Winter Olympics Primer: What’s Going To Go Down in Pyongchang


On Friday, February 9, 2018, the 2018 Winter Olympics will officially begin with a three-hour opening ceremony in predicted -10 Celsius weather, starting the world on an impressive 16 days of action.

The games will begin with some events on Wednesday, February 7, including curling. Some preliminary rounds of figure skating and some luge events will follow on February 8. Confused about some sports or want a comprehensive recap of all the incredible news you missed up to the start of the games? Get caught up on all the latest Olympic news and sports with this catch-all primer!

South Korea, Mike Pence, and Norovirus: All the Olympic News You Missed Leading up to the Games

Catch up on all the news not directly related to sports coming from Pyongchang! The most recent story comes from the security staff hired to protect athletes at the Olympics– many of whom are now in quarantine after showing symptoms of the vomiting and stomach illness norovirus. Although only 86 security guards are confirmed to have the illness, an estimated 1,200 have displayed at least one sign of having the disease and are currently in quarantine to keep the athletes safe. 900 military personnel will temporarily fill in for the 1,200 guards affected by the gastric bug.

According to the executive director of the International Olympic Committee, Christophe Dubi, they are taking all possible steps to keep the athletes and spectators safe from the bug, which infected 30 athletes at the 2017 International Association of Athletic Federation’s World Championships.

Want to know why this Olympics have been whispered about by some as the “Olympics of Peace?” A large part of that nickname has to do with the recent travel of a North Korean delegation of athletes, cheerleaders, and high-ranking officials, including the notable sister of North Korea’s supreme leader Kim Jong Un, to neighboring South Korea for the Winter Olympics. Although many in South Korea see this as a step toward positive negotiations in the region that is split in half and has been for the past seven decades, some Americans took the news with hesitation.

U.S. Senator Lindsey Graham said in a statement back in January when the story first broke that he doubted the United States would attend the Olympics if North Korea could participate. The U.S. will compete this month in Pyongchang, however, with Vice President Mike Pence in attendance as part of the American delegation. Many of Pence’s aides in the White House see this as an opportunity for negotiation, although Pence’s invitation of Otto Warmbier, father of a United States college student that died under mysterious circumstances in North Korea, may make any talks that much more difficult.

You may notice a conspicuous lack of red, white and blue at this Olympic Games. The American delegation of athletes will be attending in full force, but the Russian team has fewer athletes this year, stemming from a December ruling to effectively ban the nation from the games. This unprecedented decision comes after the 2016 Olympic games in Rio de Janeiro, when Russian officials were found to be interfering with the IOC’s drug testing efforts. Athletes without any drug charges will be allowed to compete, but if they take home a medal and make it to the podium, the Russian flag will not fly, the Russian anthem will not play, and instead of “Russian athletes,” they will be called “athletes from Russia.”

Luge, Skeleton, and Biathlon, Oh My: Your Guide to Olympic Sports (That Aren’t Figure Skating)

Chances are, if you’re an average American, you will have heard of hockey, snowboarding, or most famously, figure skating. But what about luge, curling, or biathlon? Here are some of the more obscure winter sports, explained, so that you can sound like an expert at your next dinner with family or Olympic watch party with friends.

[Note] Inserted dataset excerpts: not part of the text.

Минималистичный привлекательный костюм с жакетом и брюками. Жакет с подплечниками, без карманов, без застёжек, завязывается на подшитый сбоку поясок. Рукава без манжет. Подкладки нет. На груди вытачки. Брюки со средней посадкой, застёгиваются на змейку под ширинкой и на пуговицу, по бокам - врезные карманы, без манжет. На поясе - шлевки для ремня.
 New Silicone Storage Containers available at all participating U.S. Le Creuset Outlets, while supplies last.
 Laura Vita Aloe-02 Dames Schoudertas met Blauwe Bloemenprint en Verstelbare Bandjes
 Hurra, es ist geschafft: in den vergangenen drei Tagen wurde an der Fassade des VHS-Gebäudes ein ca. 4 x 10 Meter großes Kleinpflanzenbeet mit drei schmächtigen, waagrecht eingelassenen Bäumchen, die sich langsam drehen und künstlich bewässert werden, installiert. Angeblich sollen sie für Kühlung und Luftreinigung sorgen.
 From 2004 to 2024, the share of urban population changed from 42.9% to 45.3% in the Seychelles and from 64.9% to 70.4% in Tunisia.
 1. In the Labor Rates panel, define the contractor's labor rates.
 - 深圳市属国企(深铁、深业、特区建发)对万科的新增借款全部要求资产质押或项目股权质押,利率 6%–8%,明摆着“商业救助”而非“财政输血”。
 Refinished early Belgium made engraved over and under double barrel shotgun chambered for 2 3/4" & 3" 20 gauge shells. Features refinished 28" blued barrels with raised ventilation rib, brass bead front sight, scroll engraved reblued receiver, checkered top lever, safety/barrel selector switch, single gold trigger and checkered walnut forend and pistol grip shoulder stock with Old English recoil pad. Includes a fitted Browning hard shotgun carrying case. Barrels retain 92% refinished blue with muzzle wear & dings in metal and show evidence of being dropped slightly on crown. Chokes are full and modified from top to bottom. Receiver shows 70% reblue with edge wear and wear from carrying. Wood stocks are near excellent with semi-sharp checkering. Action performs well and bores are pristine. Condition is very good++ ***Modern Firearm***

Bobsleigh, if you are unfamiliar with the 1993 Disney movie “Cool Runnings,” is a sport in which individuals or teams of up to four speed around an icy track, sometimes parallel to the ground, in fiberglass sleighs in an attempt to have the lowest time. If you want to watch bobsleigh, the competition will take place from the 18-25 of February, making it one of the last events of the games. Some teams to watch are Jamaica’s first female bobsled team, the German men’s squads, which are set to perform well, and the Canadian women’s team, who are projected to take home the gold in their event.

Skeleton, another sledding event, is an individual event where sledders turn around corners, sometimes at upwards of 100 kilometers per hour, and brake and turn using only their body weight. Men’s and women’s skeleton, which will be from the 15-17 of February, is composed of four timed runs. The athlete with the lowest overall time takes home the gold. For the men’s event, Markus Dukurs of Latvia is projected to win the gold. For the women, Jacqueline Lölling of Germany looks to take the first gold in Skeleton for her country.

Luge, the last sledding event at the Winter Olympics, is a single, double, or relay sledding event where members sled feet-first on the same track as bobsleigh and skeleton. Germany looks to continue their domination of the sledding events, with German teams projected to win the men’s single and double luge, women’s single luge, and the mixed relay.

Biathlon, another neglected Olympic sport, combines rifle shooting and cross-country skiing. The only winter Olympic sport in which the United States has never won a medal, biathlon, has four individual distances and a relay, all of which have been traditionally dominated by Slovakia, Germany, France, and Norway, who are all medal contenders for the 2018 Olympic Games.